Sun Sentinel Palm Beach Edition
Today in history
On May 6, 1856,
Sigmund Freud, the founder of psychoanalysis, was born in the present-day Czech Republic. Also in 1856 explorer Robert Edwin Peary was born in Cresson, Pa.
In 1861
Arkansas seceded from the Union.
In 1862
philosopher and author Henry David Thoreau died in Concord, Mass; he was 44.
In 1882,
over the veto of President Chester Arthur, Congress passed legislation barring Chinese immigrants from the U.S. for 10 years.
In 1889
the Paris Exposition opened, featuring the justcompleted Eiffel Tower.
In 1895
Rudolph Valentino, who would become a star of silent movies, was born in Castellaneta, Italy.
In 1915
actor and director Orson Welles was born in Kenosha, Wis. Also in 1915 Babe Ruth, then with the Boston Red Sox, hit his first major league home run, against the New York Yankees in the old Polo Grounds, which the Yankees then shared with the Giants.
In 1931
baseball legend Willie Mays was born in Westfield, Ala.
In 1935
the Works Progress Administration began operations.
In 1937
the hydrogen-filled German dirigible “Hindenburg” burned and crashed in Lakehurst, N.J., killing 35 of the 97 people on board and a Navy crewman on the ground.
In 1941
Josef Stalin assumed the Soviet premiership, replacing Vyacheslav Molotov.
In 1942,
during World War II, about 15,000 Americans and Philippine troops on Corregidor surrendered to the Japanese.
In 1954
medical student Roger Bannister broke the 4-minute mile during a track meet in Oxford, England, in 3 minutes and 59.4 seconds.
In 1960
Britain’s Princess Margaret married commoner Anthony Armstrong-Jones in Westminster Abbey. (They would divorce in 1978.)
In 1981
Yale architecture student Maya Lin was named winner of a competition to design the Vietnam Veterans Memorial.
In 1987
CIA Director William Casey died in Glen Cove, N.Y.; he was 74.
In 1992
actress Marlene Dietrich died in Paris at 90.
In 1994
Britain’s Queen Elizabeth II and French President Francois Mitterrand formally opened the Channel Tunnel between their countries.
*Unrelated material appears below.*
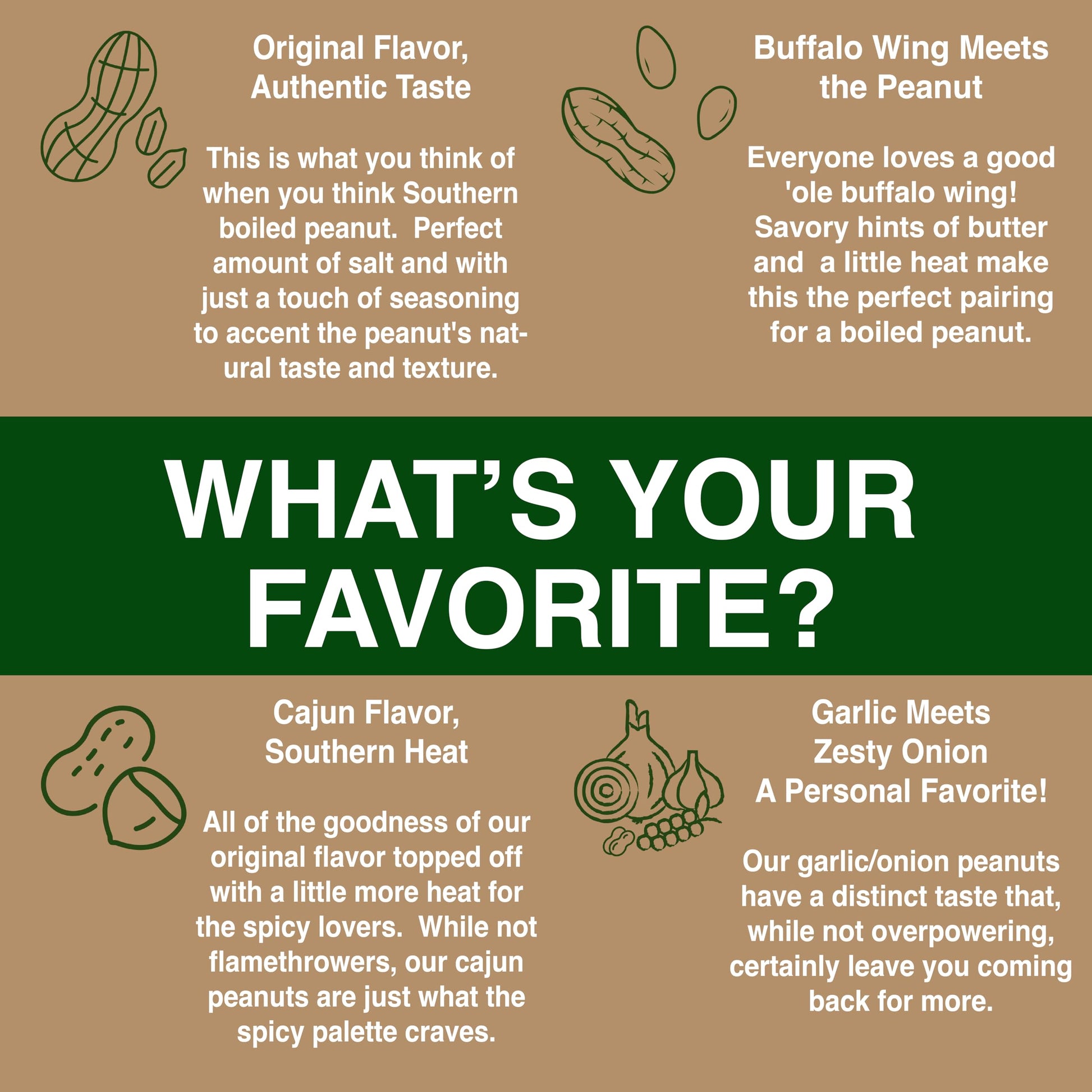 • Q: What flavors are available in the Boiled Peanuts Kit? A: The Boiled Peanuts Kit offers four delicious flavors: Original, Cajun, Garlic Onion, and Buffalo Wing. Each kit includes a seasoning pouch that enhances the peanuts' flavor as they boil.

Also in 1994 former Arkansas state worker Paula Jones filed suit against President Bill Clinton, alleging he had sexually harassed her in 1991, when he was Arkansas’ governor.
In 1996
the body of former CIA director William Colby was found washed up on a riverbank in southern Maryland, eight days after he had disappeared.
In 1995
friends and relatives of the Oklahoma City bombing victims made a somber pilgrimage to the site of the attack to say goodbye to their loved ones. Also in 1995 long-shot Thunder Gulch won the 121st Kentucky Derby.
In 1997
hemophiliacs who contracted AIDS between 1978 and 1985 from tainted blood products accepted a $600 million settlement from four health-care companies.